The six biggest US banks spent a record $33bn on share buybacks in Q1 2026 — 30 to 50% above analyst forecasts. JPMorgan ($8.33bn), Goldman Sachs ($5bn) and Citi ($6.3bn) all posted record repurchases, while Bank of America ($7.2bn) and Morgan Stanley ($1.75bn) hit multi-year highs. The surge reflects the Trump administration's deregulatory push, including a planned 5% cut in capital requirements for the biggest lenders.
Largest US banks spend a record $33bn on share buybacks
— Summary
The story in one line: The six biggest US banks spent a record $33 bn in Q1 2026 buying back their own shares — a direct result of higher profits plus Trump-era rule loosening that lets them hold less “safety cash” and return more to shareholders.
Key numbers
- JPMorgan: $8.33 bn (new record, just above its $8.32 bn record from 6 months earlier).

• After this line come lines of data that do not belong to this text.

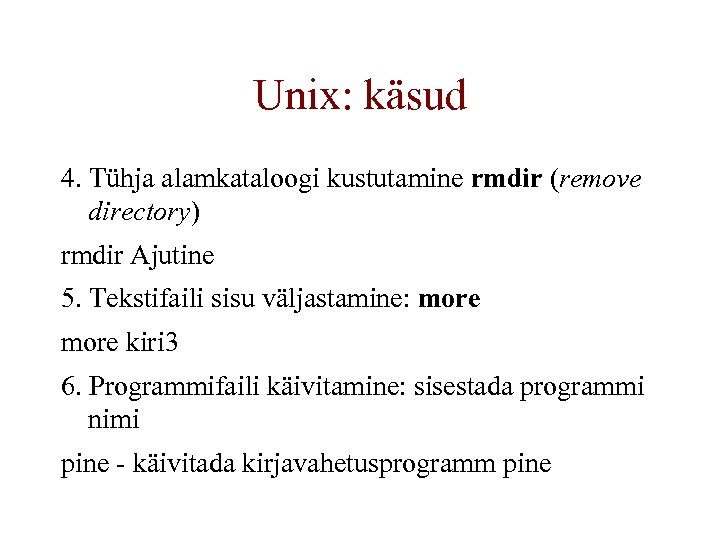 Unix: käsud 4. Tühja alamkataloogi kustutamine rmdir (remove directory) rmdir Ajutine 5. Tekstifaili sisu väljastamine: more kiri 3 6. Programmifaili käivitamine: sisestada programmi nimi pine - käivitada kirjavahetusprogramm pine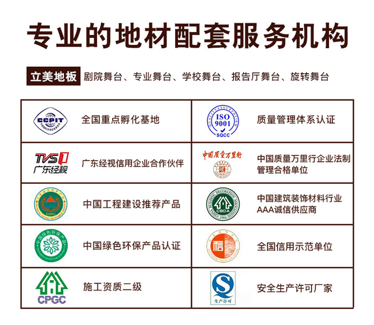 立美舞台运动木地板具有较强的吸震性能,能够有效地消除演员在跑动、跳跃时产生的冲击力,从而保护人体的韧带、关节、脊椎和大脑,减少演员跌倒时可能受到的伤害。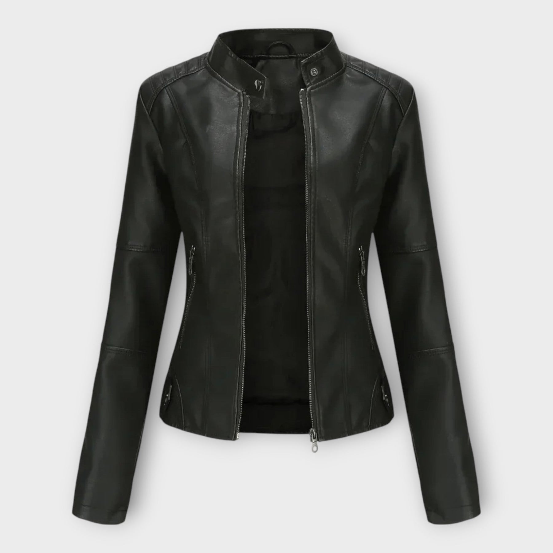 Modern Rövid Bőrkabát Cipzárral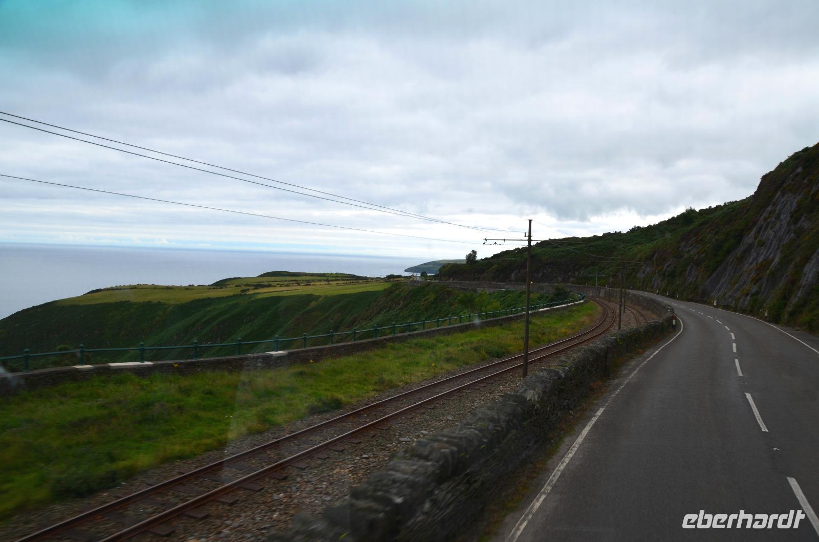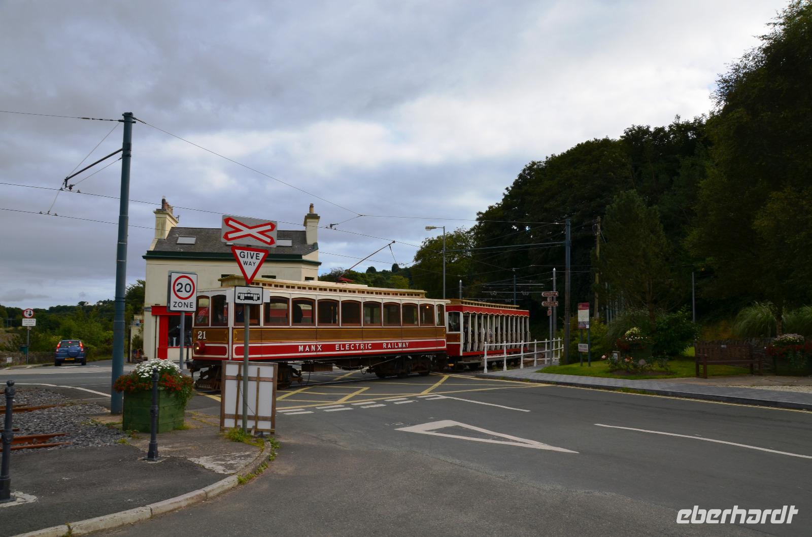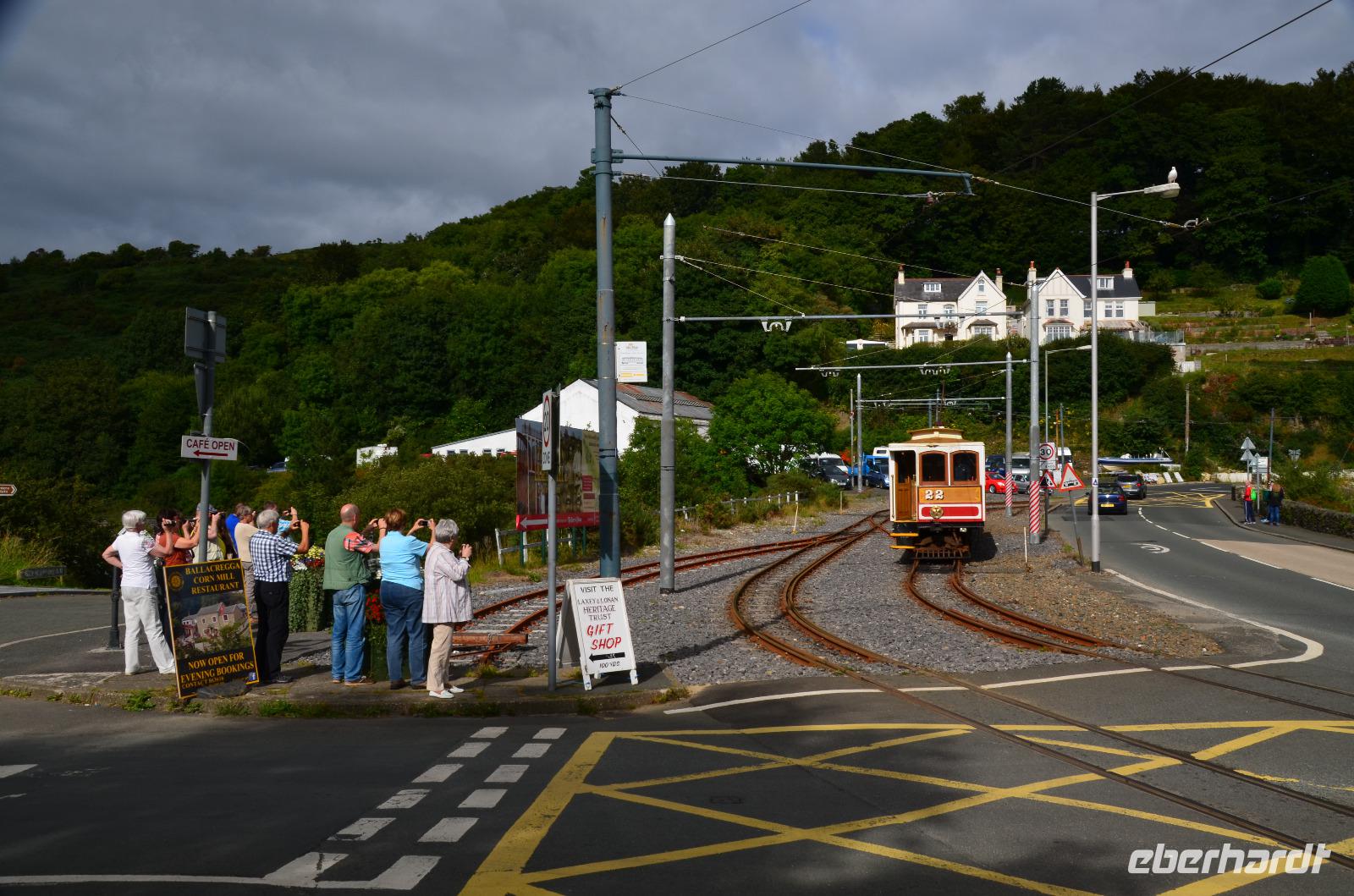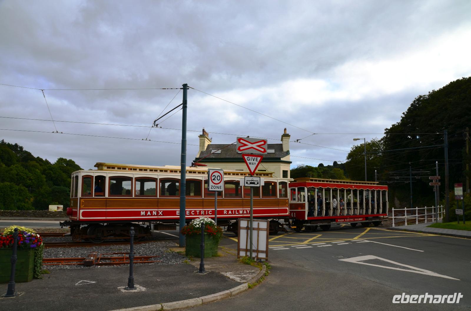 Natürlich fotografieren wir auch die vorbeifahrenden Bahnen der Snaefell Mountain Railway und der Manx Electric Railway.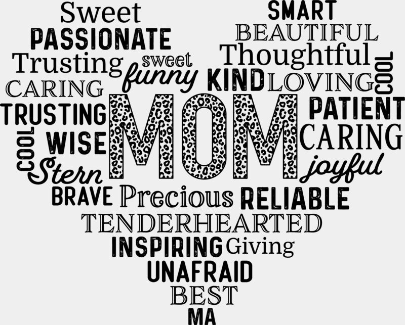 A beautiful text-based Mother’s Day design featuring “MOM” at the center, surrounded by words that describe her—strong, loving, caring, and more—shaped into a heart. Simple, meaningful, and heartfelt, this design celebrates all the qualities that make mothers so special. Perfect for tees, hoodies, or gifts, it’s a timeless way to honor Mum with love and appreciation.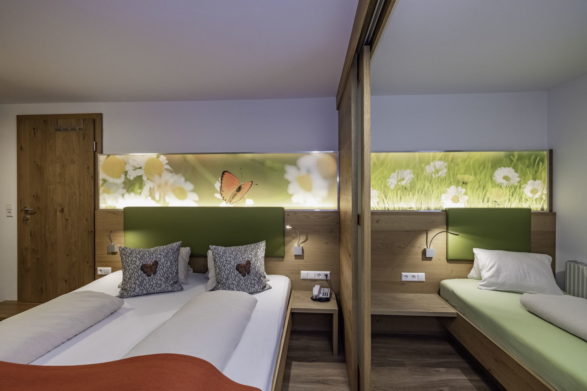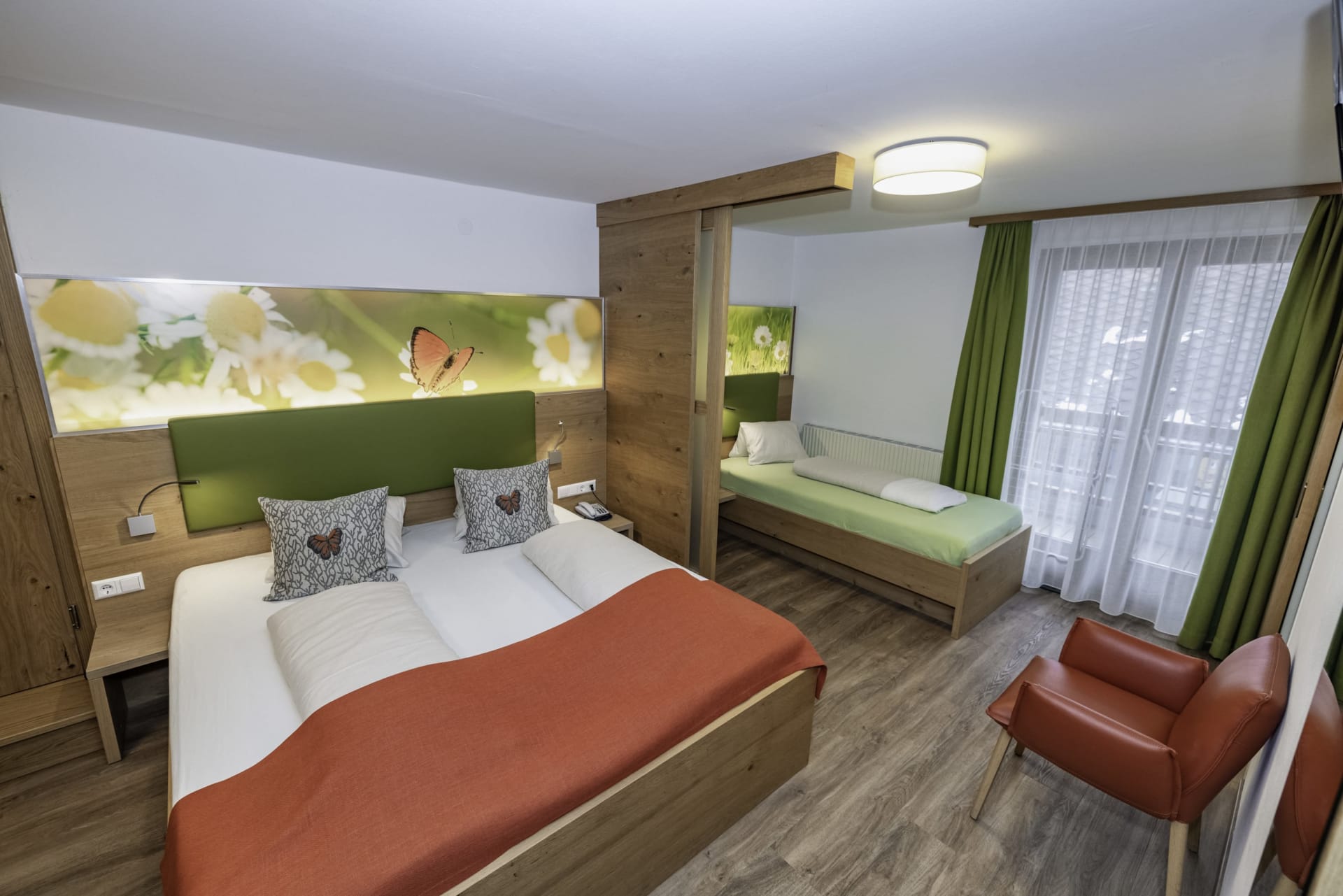 Doppelbett (180x200), 1 zusätzliches Bett (90x190) hinter einer Trennwand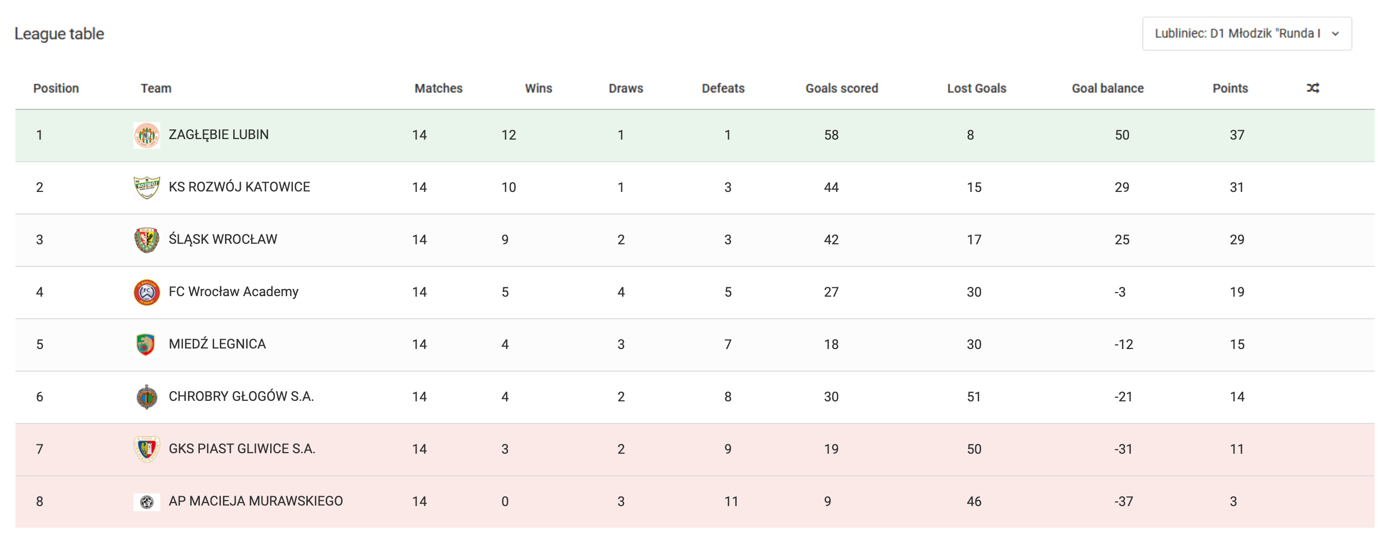 Pamatojoties uz sistēmā ievadītajiem spēles parametriem un spēļu rezultātiem, katrai spēlei automātiski tiek ģenerēta līgas tabula.

- Bank of America: $7.2 bn (4-year high).
- Citi: $6.3 bn (record Q1 in at least 20 years).
- Goldman Sachs: $5 bn (record).
- Wells Fargo: $4 bn. Morgan Stanley: $1.75 bn.
- Actual buybacks came in 30–50% above analyst forecasts.
- The US Federal Reserve is planning to cut capital requirements for big banks by almost 5%.
- JPMorgan CEO Jamie Dimon says the bank sits on ~$40 bn of excess capital.
Why it matters (jargon, explained)
- A share buyback is when a company uses its cash to buy its own shares in the market. This shrinks the share count, so each remaining share owns a slightly bigger slice of the company — it’s a way of returning money to shareholders (like a dividend, but tax-advantaged).
- Capital requirements are a minimum safety cushion regulators force banks to keep, so they don’t collapse in a crisis. Lower requirements = more money freed up for loans, trading and buybacks — but a thinner buffer if something goes wrong.
- Goldman’s equity-to-risk-weighted-assets ratio (basically, its safety cushion) fell to the lowest since 2020.
Takeaway
Deregulation + strong trading profits from the Iran-war-driven market volatility = the biggest shareholder payout since the 2008 crisis. Investors are happy; the cushion protecting depositors is shrinking.
Source: Financial Times, 15 April 2026 — Joshua Franklin and Akila Quinio.
— Delfineo's Take
Two forces are converging: deregulation is freeing up capital, and Iran-war-driven market volatility is boosting trading profits. The result is the biggest shareholder payout since the 2008 crisis. But Goldman's equity-to-risk-weighted-assets ratio just dropped to its lowest since 2020 — the cushion protecting depositors is being deliberately thinned. Dimon's reluctance to buy back more ('I'd rather buy back stock when we think it's a real discount') is the dissenting voice worth listening to.